A turbulência política e a instabilidade institucional afugentam investidores. O sistema tributário brasileiro é extremamente complexo, exigindo aproximadamente 1.500 horas por ano para que empresas cumpram obrigações fiscais — bem acima da média global. Além disso, a insegurança jurídica, com mudanças frequentes nas regras e decisões judiciais imprevisíveis, afasta capitais estrangeiros.

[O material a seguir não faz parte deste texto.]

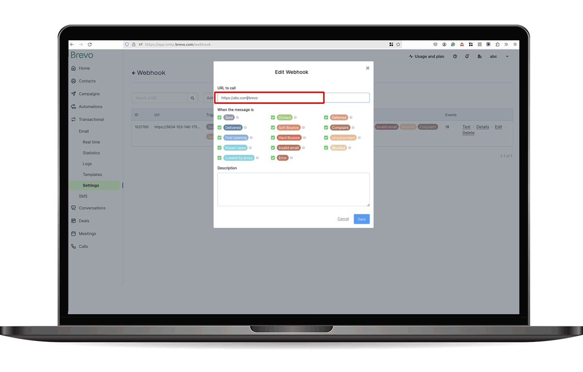 Brevo --> Transactional --> Settings -->Webhook --> Add a new
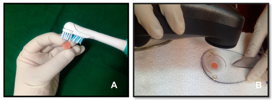 Before each measurement, samples were cleaned for 10 s with an electric toothbrush and toothpaste, gently rinsed in distilled water, and then dried with tissue paper (Figure 5A). The toothpaste used in this study was Colgate Total (Colgate Palmolive Ltd., Chharodi, India). According to ISO specification, a toothpaste should not exceed a relative dentin abrasiveness (RDA) value of 250, which is considered as a safe limit for hard tissues. Hence, the toothpaste used in the present study was Colgate Total, whose RDA value was 70.

Estudos indicam que para atrair investimentos é essencial garantir estabilidade normativa e segurança jurídica. Um dos principais entraves é a restrição à propriedade fundiária por estrangeiros, que, se endurecida, pode fragilizar ainda mais o ambiente de negócios. Ainda que o investimento direto externo tenha correspondido a 3,2% do PIB em 2024 — quase compensando o déficit em conta corrente —, a legislação complexa e disputas institucionais podem interromper essa trajetória.

Este episódio reforça a necessidade de fortalecer o Estado Mínimo, defender o livre mercado e preservar valores indispensáveis à ordem constitucional. A carta internacional de Sóstenes representa um passo para alertar o mundo e reacender o debate sobre democracia, liberdades civis e responsabilidade institucional.

Fique atento aos desdobramentos e apoie a democracia: continue acompanhando nosso portal para análises responsáveis e reflexões sérias sobre o presente político do Brasil.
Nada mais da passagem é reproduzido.